You did a really good job telling us...seems like you already know how to express those feelings.

 

Wait for the right moment, then just say it.

I think it's about time to got acquainted with the term "bromance." Its a great feeling to know you have guys that totally have your back at all times, even more than a best friend. Let him know.

My family was dysfunctional and almost totally non-affectionate. I had to learn to display enough affection to encourage strong enough bonds to live up to my ideals of personal loyalty (which are high).

>> I never learned how men show affection for each other, and I find male affection akward.

Most men in most "western" cultures do. It's an artifact of a taboo on homosexuality, which ironically enough, only homosexuals would have ever been conscious of enough to have developed! (An observation, not a criticism...not bashing anyone...). In very "innocent", traditional societies, friends and relatives can be fairly affectionate. Every once in a while I see two men walking down the street hand in hand, and then it dawns on me "father and adult son" from another culture.

>>How do I tell a macho straight man that he is like my adopted brother, and that I love him, without it being akward for him? Ironically, a very masculine man often feels less awkward about it than less masculine men do: his high testosterone level produces feelings of self-confidence, and he doesn't obsess about his image. This is not universally true, but it's fairly consistent with my own observations. By the way..."losing yourself"...becoming less self-obsessed...opens the door to developing more depth of character...more personal warmth, charm, and charisma. Personally, I usually avoid the word "love" with friends of either gender, since the same word in English is used in many different contexts, including those both of you would feel uncomfortable with. One exception is to explicitly say "I love you like a brother" in the right context. The right context is not when you need to hear yourself saying it (that would be...awkward...), but because he needs to hear it because of a situation he's in.

When he's ever sick, lonely, depressed, in pain, heartbroken (eg, dumped), or otherwise distressed, then use the word freely and without reservation. He'll understand according to the context, and that's when he will need to hear it.

In all other circumstances, show fraternal feelings by using language of solidarity and encouragement.

"We're a team."
"I'm there for you, no matter what."
"I've got your back."
"I have every confidence in you."
"Keep your spirits up, Bud, that's what's important."
"Call me in an emergency.
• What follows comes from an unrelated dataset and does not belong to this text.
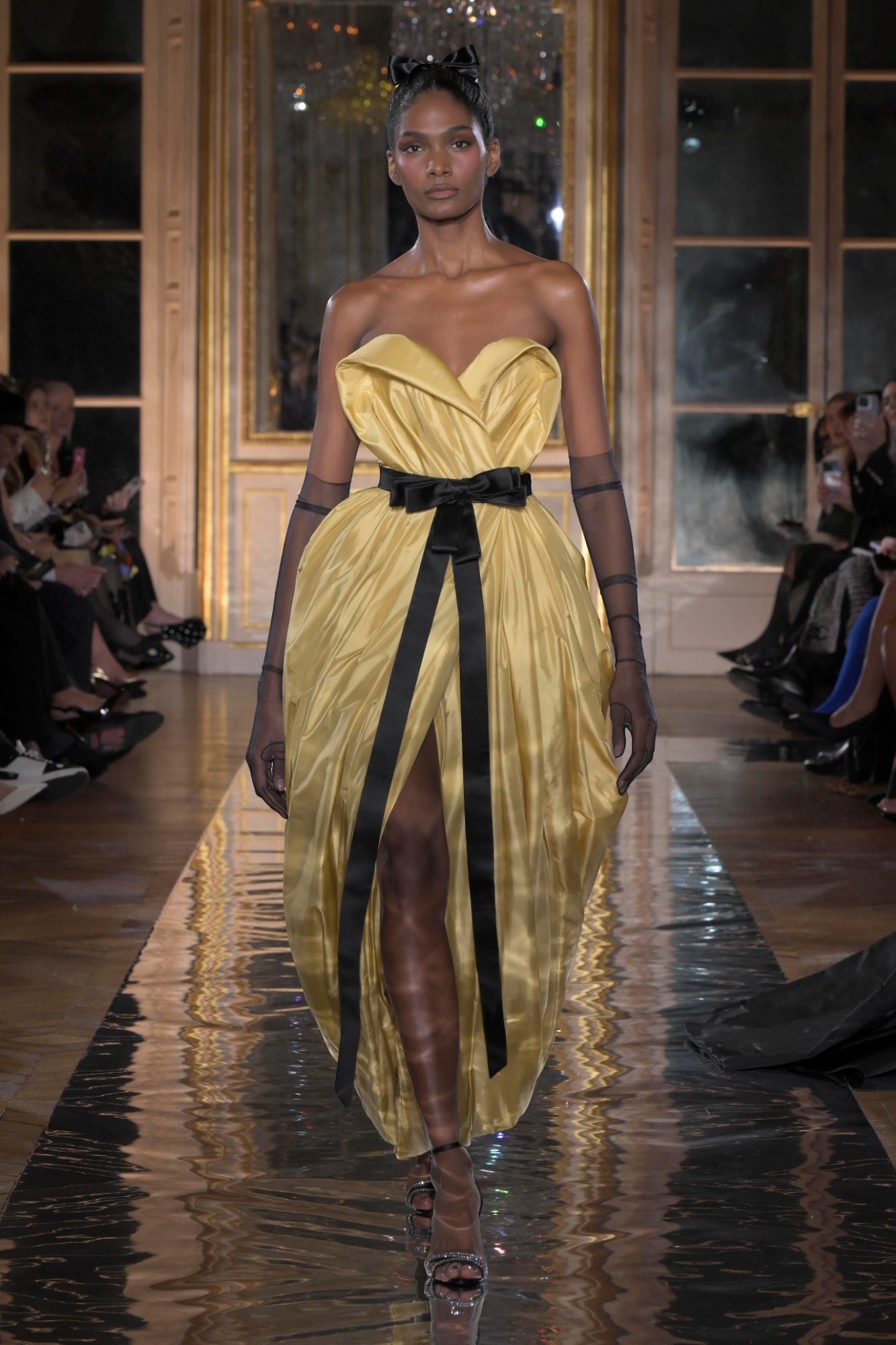 ...a Zuhair Murad ’strapless gown in butter yellow, featuring a gathered bodice, a front slit, and a black belted ribbon detail at the waist’, Look #43 from...

I'll be right there."

If "care" and "nurture" language is feminine, "encouragement" and "solidarity" language is masculine. Get into the habit of expressing encouragement and solidarity language until it starts feeling natural and you get a sense of when it's appropriate (use liberally, just make sure it sounds like something a peer would say, not a superior; it shouldn't sound patronizing).

Show pride, and not jealousy, in his accomplishments. This is important.
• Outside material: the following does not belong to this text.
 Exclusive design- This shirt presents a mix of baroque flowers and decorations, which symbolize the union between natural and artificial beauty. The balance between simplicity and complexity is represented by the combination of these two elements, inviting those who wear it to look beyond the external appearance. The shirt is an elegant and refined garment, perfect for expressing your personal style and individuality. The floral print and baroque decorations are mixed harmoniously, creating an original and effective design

I shake hands on greeting (not just meeting for the first time), as I learned from Europeans, and "side hugs" on parting. Full hugs for hurt/pain/trauma/long absence or for that matter triumphs and joy like winning/weddings/great successes/new offspring.
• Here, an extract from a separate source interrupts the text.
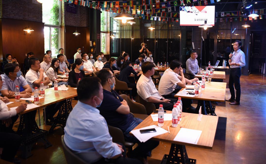 隨后,在園區(qū)開展了企業(yè)創(chuàng)新治理專題培訓,韓震以《企業(yè)創(chuàng)新治理》為題做了分享。結合鼎好集團的改革實際,韓震從企業(yè)改革的起因、企業(yè)治理四階段、企業(yè)治理的支撐、企業(yè)治理的回饋、疫情期間文化與價值的力量等5個方面作了系統(tǒng)講解,并就企業(yè)文化、股權激勵、一部四中心盈利模式打造等內(nèi)容,和與會人員進行了探討交流。

You also have the option of getting drunk with him, then saying "I love you, you jerk." Or something like that.

With actions rather than words.

JB

I was going to say that, but I hear too many people expressing their regrets for never vocalizing their feelings for someone, especially after that person has died. (I turn 50 this year, I am starting to think about such things. )

Good observation.

"People" probably referring to men. Most women have no difficulty expressing feelings verbally; if they don't express them--they don't have them! Sometimes they don't even when they say they do!

I dunno if it is true, but I've heard it's because men's emotional centers in their brains are not wired as directly to their brains. Not sure about that. The emotional center is the limbic system which is very central to the brain. It's also known as the "chemical brain" because it floods your brain with mood-regulating chemicals that affect the whole brain. That's why when you are "flooded" with an emotion, it has such a huge impact on your thinking. Except, apparently, on the speech centers of the male brain.

I suspect more likely it is an image thing. Men are hard-wired to cultivate a "tough" image. In our human "one-dimensional" way of thinking, "tough" and "tender" don't go together.

Except they do. There's no logical reason why not. It is to your advantage to show loving tenderness to your kids, your spouse, your next-of-kin, and yes, your comrades (in the original pre-communist sense). And you should show toughness to anyone with thoughts of harming them. There is no contradiction. You have more than enough brain power to handle all the permutations. You can even be tough and tender-loving at the same time, like to young people heading down the wrong life-paths.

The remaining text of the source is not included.